The curriculum encourages students to become multiliterate advocates and citizens for the 21st century and prompts online instructors of technical communication to become advocates who enshrine the principles of community as central to the design of their courses. We train our instructors to design their courses to incorporate the rhetorical canons as outcomes of the course, where students write metacognitive reflections for various low-stakes and major assignments, focusing on "Delivery" and "Memory." This practice responds to what James Porter (2009), following Kathleen Welch (1999), indicated is a dismissiveness of community when writing instruction privileges "textual formalism" via the first three outcomes of "Invention," "Arrangement," and "Style." Informing our work also is scholarship by Claire Lauer (2013), Andrew Bourelle, Tiffany Bourelle, and Natasha Jones (2015), Laura Ewing (2013), and the authors featured in the 2012 special issue of Technical Communication Quarterly on multimodal composition (Katz & Odell, 2012; see especially Ball, 2012; Manion & Selfe, 2012). Concepts from Stewart Whittemore's (2015) Rhetorical Memory have also helped us to map the connection between the learning via "Memory" that our lower-division eTC students enact and the practices of working technical communicators, for whom Memory is a "means of invention" (p. 32), which is a role Memory has played historically. As used in our multimodal curriculum, memory facilitates inventive, synthesizing acts, such as in the static-text or rich-media reflections students compose (some of which we will discuss in this webtext).

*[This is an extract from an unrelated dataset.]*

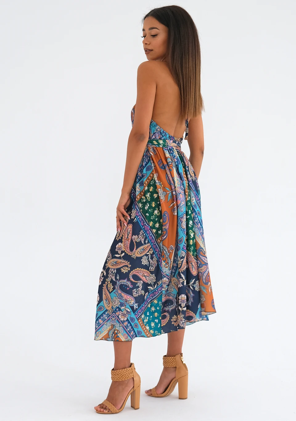 Luźna sukienka midi o najmodniejszym, apaszkowym wzorze. Wygodnie lekka, swobodnie opada na sylwetce. To sukienka z odkrytymi plecami, zmysłowo eksponująca ramiona.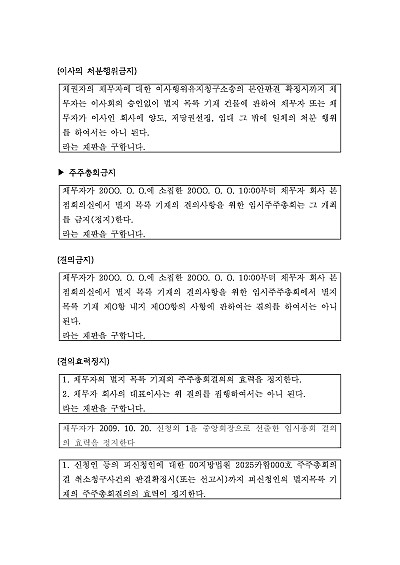 이사의 처분행위금지, 주주총회금지, 결의금지, 결의효력정지, 결의집행정지, 소집금지 등 가처분 신청취지 기재, 단 무단전재 방지목적으로 PDF 파일로 올리니, 혹 원본 파일이 필요하신 분들은 톡이나 문자, 메일, 전화 등을 주시면 작성방법 등에 대한 간단한 무료상담과 함께 원본 파일을 보내드리도록 하겠습니다.

When reading this webtext, we ask you to do a similar reflection to what we ask of our students: We encourage you to problematize what you think you know about the canon of Memory and to question, engage, and reflect with the contents within this webtext as you read and as you design your own online technical communication courses. The navigational buttons (on the left on widest screens; above on narrower screens) will take you through our webtext, wherein we share the practices of our university's online technical communication curriculum (Electronic Technical Communication or "eTC"). This webtext's design and message afford readers their own opportunities for metacognitive learning. Where some will see an absence of hypertextual flourish and encounter instead an apparent linearity that allows users to make meaning connectively across the pages and examples "in order," others will see an opportunity to navigate with an alinear approach, as a webtext's modality invites. Our readers, like students in our eTC course, will engage "Memory" and create meaning via text and moving and static images in different ways, with varied complexity and permanence.

Our students engage with course materials delivered online in a related way, as they make decisions, and thus meaning, through assignments, in-class community engagements, and metacognitive reflection in ways that alternatingly follow and resist assumptions of design and instructor intention. As the student-produced discussion board posts and video contents we include in this webtext convey, our eTC course's employment of the multivalent concept of Memory holds promise for those who seek a unifying strategy for community-creation in the multimodal online classroom.